At a glance
WHAT IT’S REALLY ABOUT
Good taste means high standards, humility, and user value creation
- Dalton frames taste as a strong internal barometer for what’s good, including an ethical dimension of not producing work you believe is harmful or bad.
- Michael distinguishes between an artistic notion of taste and a business/economic notion centered on positive-sum value generation for users.
- They argue that loudly claiming to have good taste is often evidence of the opposite, while true taste shows up in standards and restraint.
- Good taste is recognized in people who care deeply about what they release, would proudly attach their name to it, and ensure users get real value.
- They note that work can be meaningful as “art” even without user value, but businesses ultimately must create value for users to succeed.
IDEAS WORTH REMEMBERING
5 ideasGood taste is more than aesthetics—it’s an honest quality compass.
They define taste as the ability to evaluate work truthfully and avoid making things you “know in your heart are bad,” including work that harms or fails to help others.

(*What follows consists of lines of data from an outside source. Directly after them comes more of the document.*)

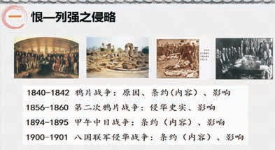 中考是每位初中生都要面临的一次重要挑战,在学习完九年级的新授课程后,就会全面进入复习阶段。复习阶段时间紧、任务重,对于老师和学生而言都是非常大的考验。因此, 如何提高复习课的学习效率与学习效果,调动学生的学习兴趣,促使学生激活思维,构建知识网络,是九年级老师需不断思考和探索的问题。下面以九年级历史专题复习课《侵略抗争探索》为例,交流如何利用现代信息技术,牢牢把控复习课节奏,打造高效高质的复习课堂。
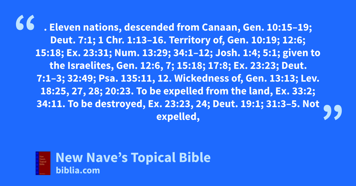 CANAANITES. Eleven nations, descended from Canaan, Gen. 10:15–19; Deut. 7:1; 1 Chr. 1:13–16. Territory of, Gen. 10:19; 12:6; 15:18; Ex. 23:31; Num. 13:29; 34:1–12; Josh. 1:4; 5:1; given to the Israelites, Gen. 12:6, 7; 15:18; 17:8; Ex. 23:23; Deut. 7:1–3; 32:49; Psa. 135:11, 12. Wickedness of, Gen. 13:13; Lev. 18:25, 27, 28; 20:23. To be expelled from the land, Ex. 33:2; 34:11. To be destroyed, Ex. 23:23, 24; Deut. 19:1; 31:3–5. Not expelled, Josh. 17:12–18; Judg. 1:1–33; 3:1–3. Defeat the Israelites, Num. 14:45; Judg. 4:1–3. Defeated by the Israelites, Num. 21:1–3; Josh. 11:1–16; Judg. 4:4–24; by the Egyptians, 1 Kin. 9:16. Chariots of, Josh. 17:18. Isaac forbidden by Abraham to take a wife from, Gen. 38:2; 1 Chr. 2:3. The exile Jews take wives from, Ezra 9:2. Prophecy concerning, Gen. 9:25–27.
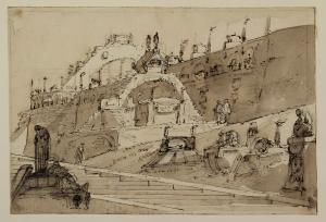 Veduta di un cimitero con figurette. Veduta di un cimitero con figurette
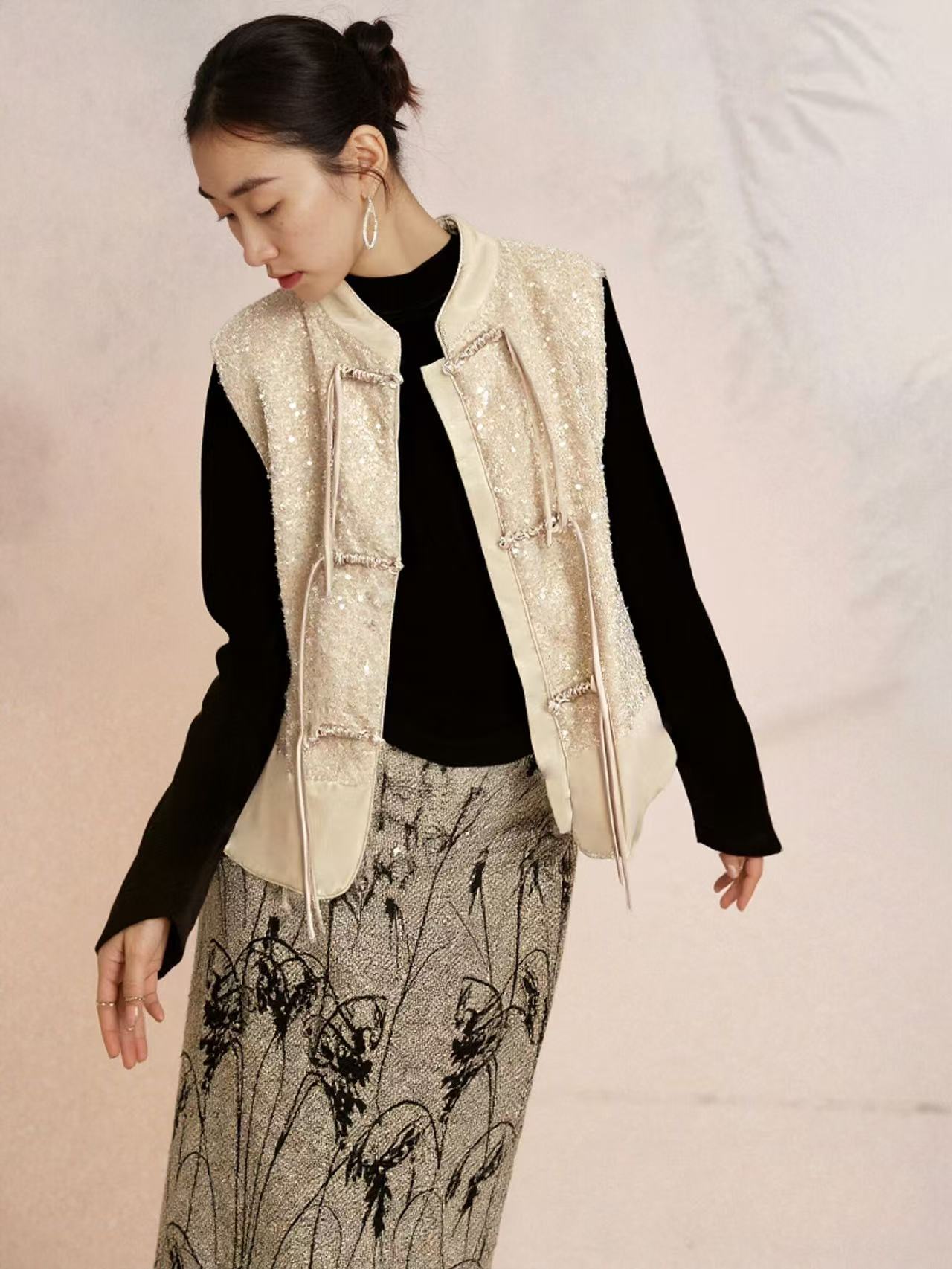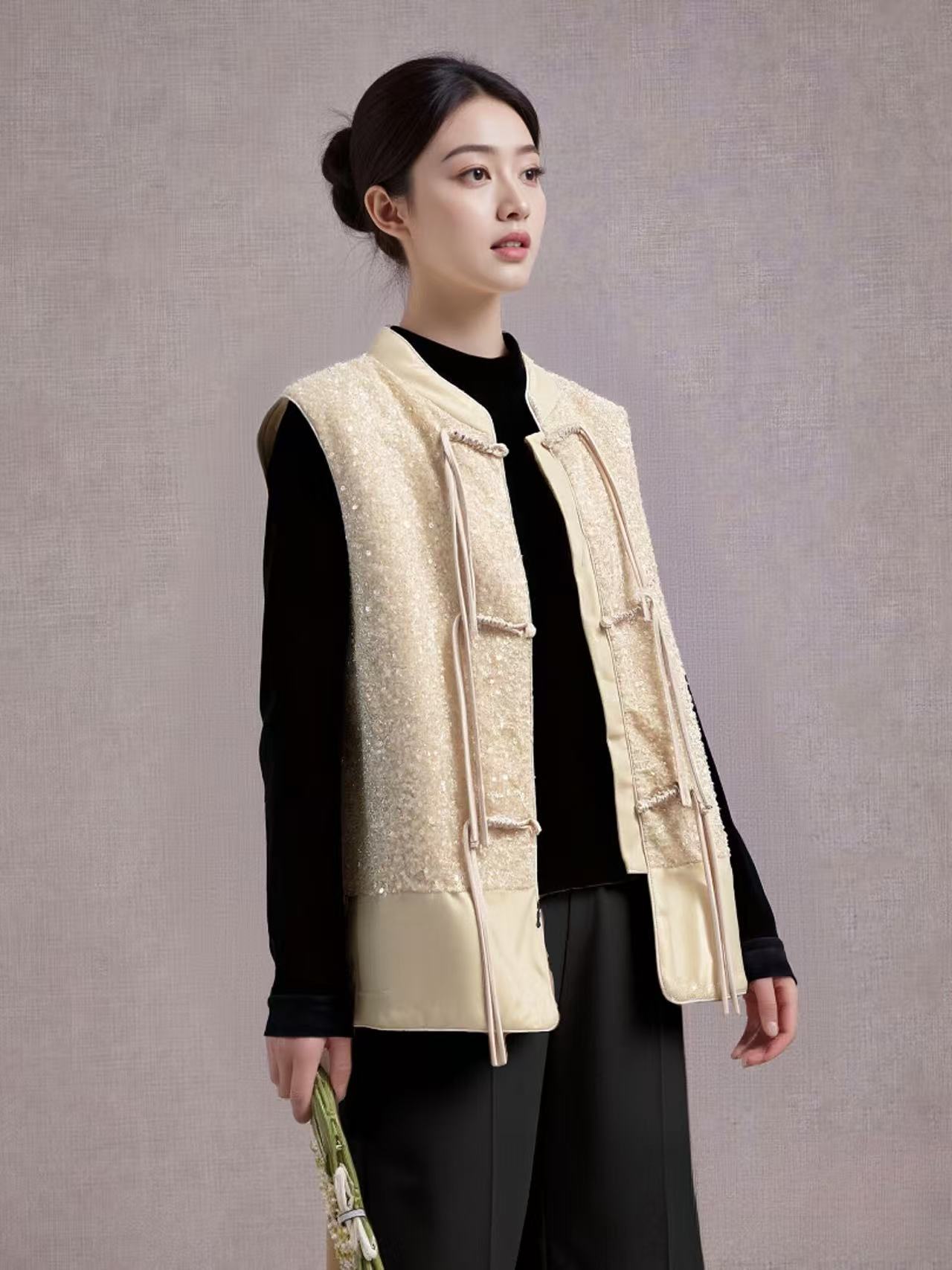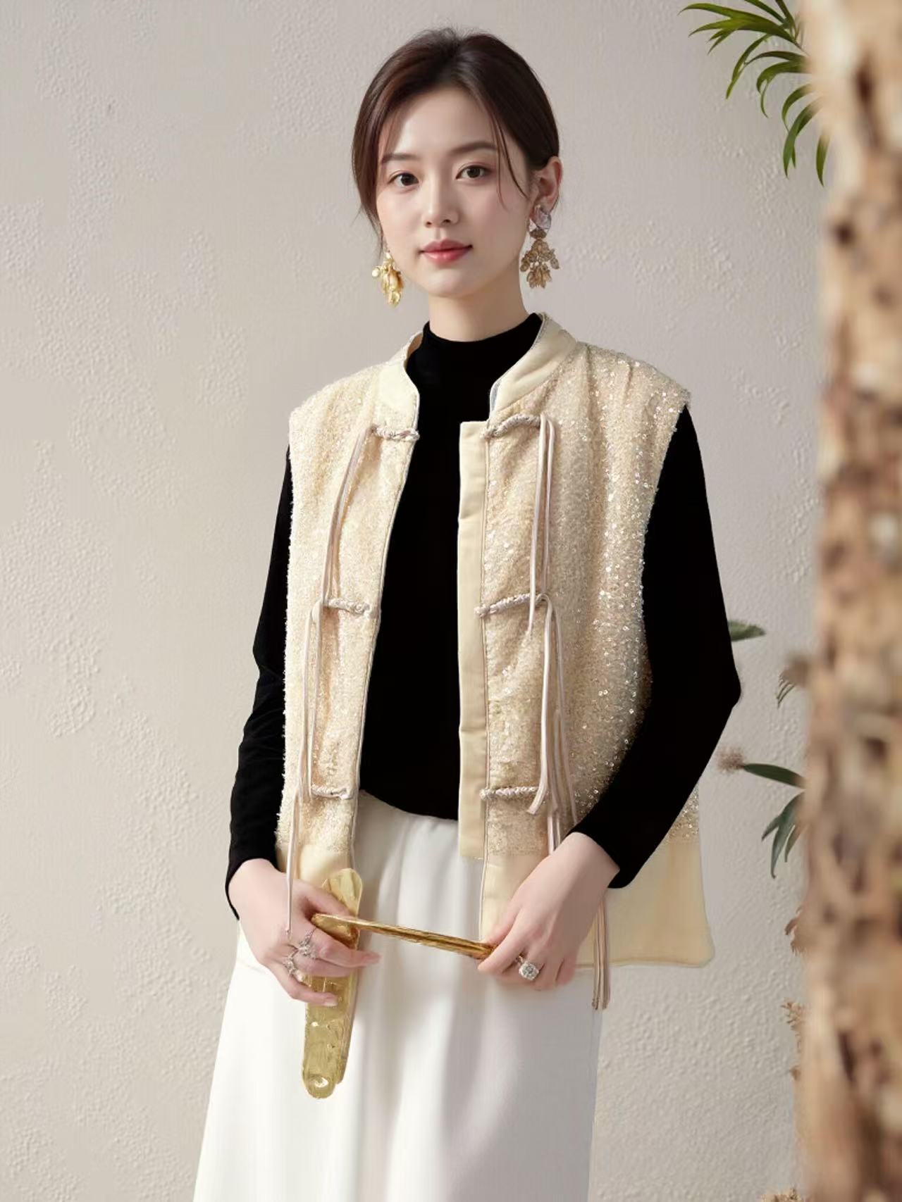 重工亮片马甲!!2875金丝绒新中式盘扣亮片马甲-喜出
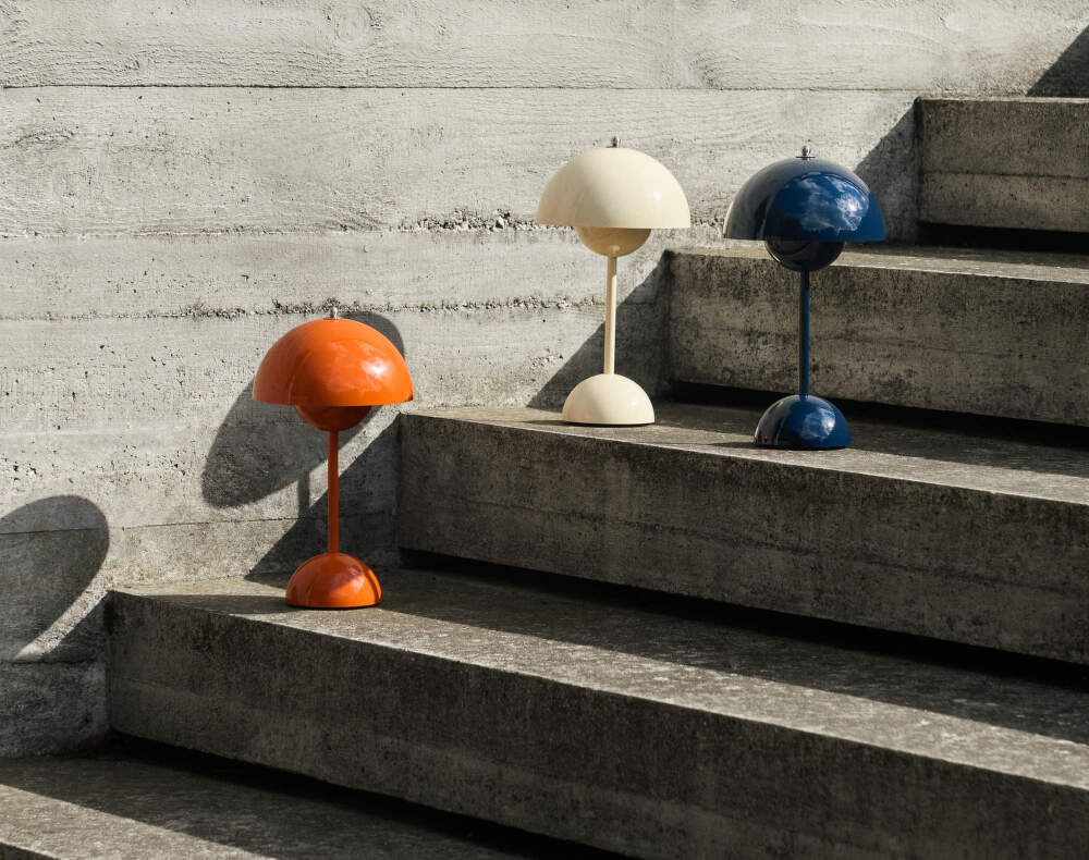 Prenosná lampička Flowerpot VP9 je o niečo menšia ako stolná lampa z rovnakej kolekcie. Je zámerne ľahšia a je k dispozícii v širokej škále farieb. Svojím prevedením vnesie útulnú atmosféru do interiéru i exteriéru.

In business, taste is inseparable from user value.
Michael emphasizes that beyond artistic preferences, a practical definition of taste asks whether what you’re doing is positive-sum and delivers value to the user.
Self-proclaimed “great taste” is a red flag.
They suggest that people who insist on their own taste often reveal insecurity or shallowness, whereas real taste tends to be demonstrated rather than advertised.
High standards are the clearest signal of good taste.
They point to creators who deeply care about what they release, maintain strong quality thresholds, and don’t ship work they wouldn’t be proud to sign.
Standing by your work isn’t enough if users get no value.
They draw a boundary between art (which can be self-justified) and business, where the ultimate test is whether the user actually benefits.
WORDS WORTH SAVING
5 quotesTaste just means having a strong barometer, having a strong compass of what is good and what is not good.
— Dalton
Anyone that insists what good taste they have… that’s how you spot the people that don’t have good taste.
— Dalton
To recognize great taste in other people… it’s people that have high standards.
— Dalton
If you stand by the work but you don’t care whether the user gets value, that’s art.
— Michael
At the end of the day, value has to be created to the user.